● **Work task**:
Using the records below, quote only the span that opens with the line containing "Gymnastics Grips Wristbands" and closes with the line containing "weg trüb, auf", exactly and inclusively.

==== Provided material ====

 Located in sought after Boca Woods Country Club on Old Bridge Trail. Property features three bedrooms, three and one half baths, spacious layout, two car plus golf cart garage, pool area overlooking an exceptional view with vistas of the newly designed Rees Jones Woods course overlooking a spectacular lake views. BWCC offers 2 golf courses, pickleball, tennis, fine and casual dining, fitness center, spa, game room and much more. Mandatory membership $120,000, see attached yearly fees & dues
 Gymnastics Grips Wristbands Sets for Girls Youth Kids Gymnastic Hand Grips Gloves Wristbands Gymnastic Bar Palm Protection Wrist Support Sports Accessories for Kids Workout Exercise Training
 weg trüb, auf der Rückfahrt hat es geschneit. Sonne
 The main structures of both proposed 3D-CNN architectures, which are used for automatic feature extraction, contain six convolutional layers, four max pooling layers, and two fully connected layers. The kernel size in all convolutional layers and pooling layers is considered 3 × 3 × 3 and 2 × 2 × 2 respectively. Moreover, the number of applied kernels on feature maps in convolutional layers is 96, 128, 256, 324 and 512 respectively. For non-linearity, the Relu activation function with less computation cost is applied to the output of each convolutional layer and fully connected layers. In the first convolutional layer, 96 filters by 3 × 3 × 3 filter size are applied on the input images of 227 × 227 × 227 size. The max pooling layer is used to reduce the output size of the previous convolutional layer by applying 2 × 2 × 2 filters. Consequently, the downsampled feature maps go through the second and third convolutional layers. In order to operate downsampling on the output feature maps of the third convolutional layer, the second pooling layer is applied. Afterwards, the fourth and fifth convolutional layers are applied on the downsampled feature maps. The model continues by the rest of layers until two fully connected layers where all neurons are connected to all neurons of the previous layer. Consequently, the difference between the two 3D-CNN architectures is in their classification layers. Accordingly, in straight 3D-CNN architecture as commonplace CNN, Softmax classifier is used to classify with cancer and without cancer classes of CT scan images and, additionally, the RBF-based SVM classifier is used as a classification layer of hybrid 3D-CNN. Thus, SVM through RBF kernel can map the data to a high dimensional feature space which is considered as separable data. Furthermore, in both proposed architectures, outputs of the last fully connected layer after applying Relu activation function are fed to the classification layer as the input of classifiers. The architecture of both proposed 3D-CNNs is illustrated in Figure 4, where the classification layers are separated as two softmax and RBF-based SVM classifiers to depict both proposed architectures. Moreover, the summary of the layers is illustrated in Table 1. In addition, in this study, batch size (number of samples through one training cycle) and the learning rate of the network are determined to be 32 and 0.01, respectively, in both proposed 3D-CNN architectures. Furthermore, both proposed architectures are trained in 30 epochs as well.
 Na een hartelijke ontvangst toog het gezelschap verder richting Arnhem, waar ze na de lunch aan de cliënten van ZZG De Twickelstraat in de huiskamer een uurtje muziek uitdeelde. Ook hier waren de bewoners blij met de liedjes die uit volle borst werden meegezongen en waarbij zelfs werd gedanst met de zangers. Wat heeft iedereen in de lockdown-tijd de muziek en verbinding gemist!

====

● **Solution for this task**:
 Gymnastics Grips Wristbands Sets for Girls Youth Kids Gymnastic Hand Grips Gloves Wristbands Gymnastic Bar Palm Protection Wrist Support Sports Accessories for Kids Workout Exercise Training
 weg trüb, auf der Rückfahrt hat es geschneit. Sonne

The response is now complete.